The couple, who was recently in Jamaica training adults to take the programme to youth, explained that the concept was born when they discovered that young people were showing up at their business place in "hair rollers" and " house slippers" as they did not know how to present themselves.

Al, who was a Commissioner for Economic Development then, said they were concerned about what the human capital would be in the future.

"We began to recognise what our state was going through because drugs was entering, gangs were being formed and, if we did not do something, we were going to lose the generation of urban young Blacks and Hispanics," he said.

"The young people did not know how to stand, how to dress, how to look, and failure was not just because of colour but was self-imposed because of not knowing how the economic game of the world operates," he explained.

He said they needed to know how to compete for job opportunities and, as such, the programme began with teaching the basics, like how to present themselves if they were to be a participant in the game of economical survival.

So necessary was the programme, Al said, the California school district facilitated it by opening up the school board auditorium to accommodate youth from some 13 school districts.

Due to its success, Al said, the programme was given the green light by schools, despite laws to separate church from state.

"At first, the school superintendent was concerned how it would work with so many young people coming from varied neighbourhoods that were warring with each other, but the kids became one big family," explained Hattie.

Transformation, the couple said, could be seen within three weeks of the 20-week programme.

They said the programme expanded rapidly after children began making radical changes, and parents wanted to know what was happening and began requesting a programme for adults.

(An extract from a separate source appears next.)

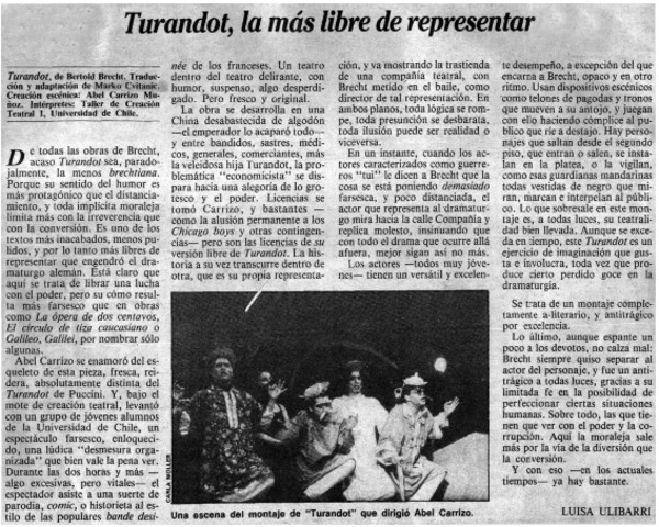 Turandot, la más libre de representar [artículo] Luisa Ulibarri.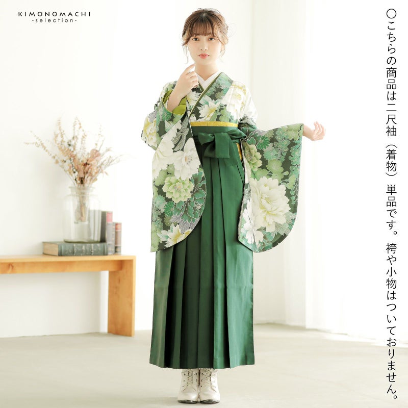 二尺袖着物 単品「深緑色 牡丹に花々」お仕立て上がり レディース 洗える着物 二尺袖 着物 袴に合わせて 卒業式 謝恩会に

"In the 80s, we began to write a curriculum and we were able to train trainers and leave them to run the programme, and that is how we now have programmes in Indonesia, the Philippines and throughout Africa," Al said.

BOSS is said to have been embraced throughout the US and around the world in countries such as Japan, Kenya, South Africa, the Philippines, Indonesia, Switzerland, and Ghana where it has trained thousands to accomplish their dreams and turn visions and ideas into reality.

Regional directors for BOSS Jamaica, American-born Fred McClurkin, a retired pilot, and his Jamaican-born wife Regna, a retired flight attendant, said they brought the programme to Jamaica because of the passion they have to see the lives of Jamaican youth transformed.

"We have cried for the youths of this nation and God has given us a vision and mandate to bring about transformation," he said.

Regna said she had to bring the programme here after noticing that schoolgirls would change out of their uniforms to go on the cruise pier in Ocho Rios to solicit visitors.

She said they are currently partnering with Youth With A Mission, Inter-school Christian Fellowships, as well as churches across the nation to reach more young people, and are also seeking permission from the Ministry of Education to allow the programme into some schools.

"I really see this programme in the schools," she said, adding, "a part of the programme teaches there are three types of people: 87 per cent are followers and are lukewarm, 10 per cent are cold and are destroyers and only three per cent are hot and they are leaders. And it is amazing to see these children try to see where they fit in," she said.

"We are at Windsor Girls Home and it is amazing to see the transformation in ten weeks," she said, adding that "some of our girls will graduate and once they go through the process, they can be certified to go with us to teach in other homes across Jamaica."

Meanwhile, Fred said the curriculum was a solid one, as BOSS Business Network (BBN) - another component of the programme - would allow children from as young as four to start operating their own businesses and teach them how to source, package, market, and distribute products.

The BBN is a centre of commerce allowing access to markets in Jamaica and around the world. It includes a directory and allows the free marketing of goods, services and information to promote businesses or church ministries.